In his remarks, he also focused on the Trump administration’s campaign against “woke” aspects of the military. “It is not our diversity that makes us stronger,” Vance said. “It is our common purpose, it is our common mission and it is the fact that every single person here bleeds Marine Corps green.”

Secretary of Defense Pete Hegseth, who took the podium before Vance, made a similar argument.

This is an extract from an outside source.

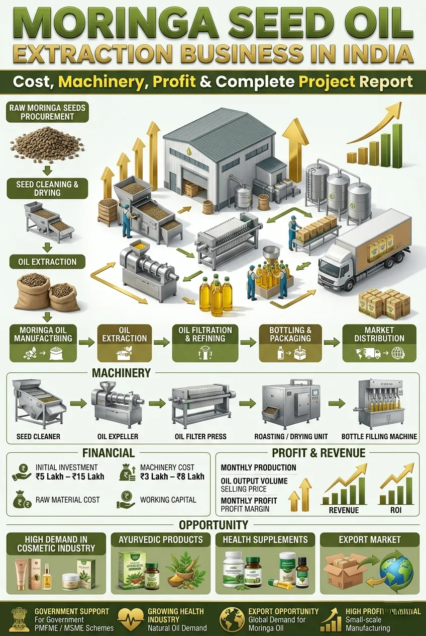 The seed oil extraction of moringa business is emerging as one of the rapidly expanding business opportunities in the Indian agro processing industry. As the world continues to demand natural, chemical-free and plant-based oils, moringa oil has been highly utilized in the cosmetics, pharmaceutical and wellness market.

“I look out at this crowd, I see a lot of different types of faces. The truth is your diversity is not your strength. Never has been,” Hegseth said. “Your strength is in your unity of purpose.”

Since President Donald Trump returned to office in January, the Pentagon has cracked down on diversity initiatives and rolled back efforts made over the last decade attempting to eradicate toxic culture in the military.

During Saturday’s celebration, Vance also delivered a message from the president, acknowledging the weekslong government shutdown but placing blame on Democrats — particularly, Senate Minority Leader Chuck Schumer.

“I bring greetings today from our commander in chief, Donald J. Trump, and he wanted me to tell each and every single one of you that he’s proud of you, that he loves you and that despite the Schumer shutdown, he is going to do everything he can to make sure you get paid exactly as you deserve,” Vance said.

As CNN has reported, as thousands of federal workers remain furloughed or are working without pay, the Department of Defense is continuing to pay troops by using “unobligated research development testing and evaluation funds.”